The new orders were issued after months of debate inside the Bush administration about whether to authorize a ground campaign inside Pakistan. The debate, first reported by The New York Times in late June, at times pitted some officials at the State Department against parts of the Pentagon that advocated aggressive action against Qaeda and Taliban targets inside the tribal areas.
"Unilateral action by the American forces does not help the war against terror because it only enrages public opinion," said Husain Haqqani, Pakistan's ambassador to Washington. "In this particular incident, nothing was gained by the action of the troops."
NIC warned against raid
Further IPS reported that the National Intelligence Council, the US intelligence community's focal point for estimating future developments, warned the Bush administration last month that a decision to launch commando raids by US troops against al Qaeda-related targets in Pakistan's North-West Frontier region would "carry a high risk of further destabilising the Pakistani military and government".
"That blunt warning was conveyed to the White House in an oral briefing by a top official of the NIC two or three weeks ago, according to Philip Giraldi, former operations officer and counter-terrorist specialist in the CIA Directorate of Operations, who maintains contacts with the intelligence community.

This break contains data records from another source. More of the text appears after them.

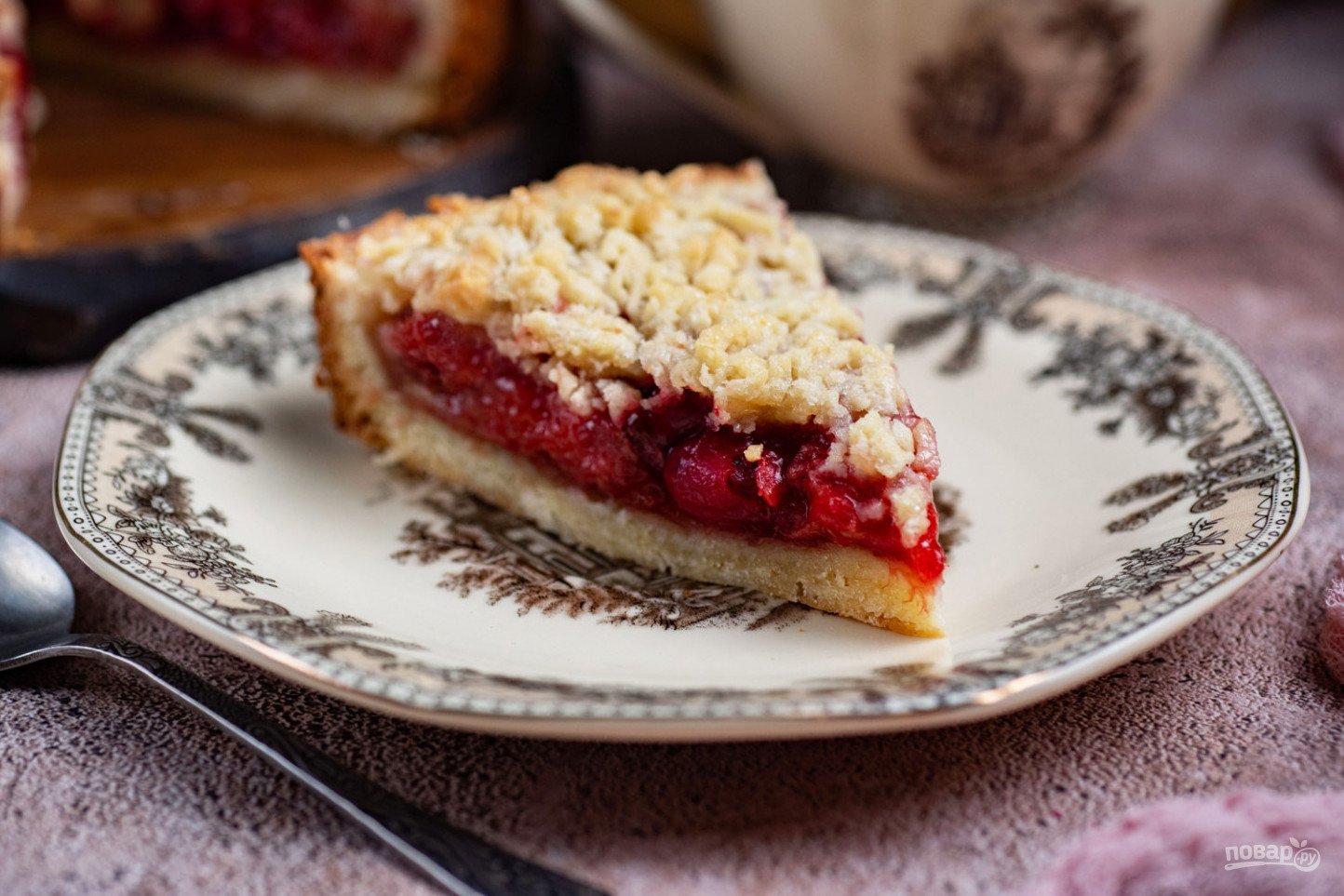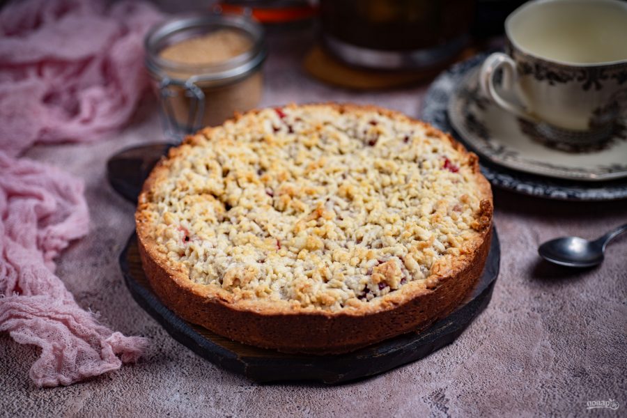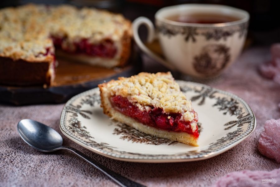 Меньшую часть охлажденного теста натрите на крупную терку и распределите по поверхности ягодной начинки. Отправьте заполненную форму в заранее разогретую до 180 градусов духовку на 40 минут.
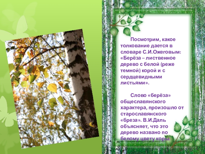 Слайд 6Посмотрим, какое толкование дается в словаре С.И.Ожеговым: «Берёза – лиственное дерево
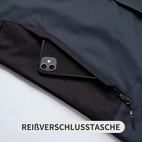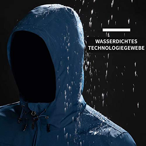 - Chaqueta cortavientos con capucha y material que absorbe el agua, Adecuado para llevar de día y de noche, Óptimo para el excursionismo, las actividades al aire libre y el uso cotidiano, Ajuste activo

"Another source, who has been briefed by NIC officials on the issue, confirms that the NIC message, representing a consensus in the intelligence community, was conveyed to the Bush administration in August, just as an intense debate over whether to carry out commando raids against al Qaeda and Taliban targets in the Federally Administered Tribal Areas (FATA) of Pakistan was still under way.
"The source, who asked not to be identified because of the confidentiality of his contacts with the NIC, said the White House was warned that if U.S. commando raids continued over a longer period of time, the NIC believes they could threaten the unity of the Pakistani military."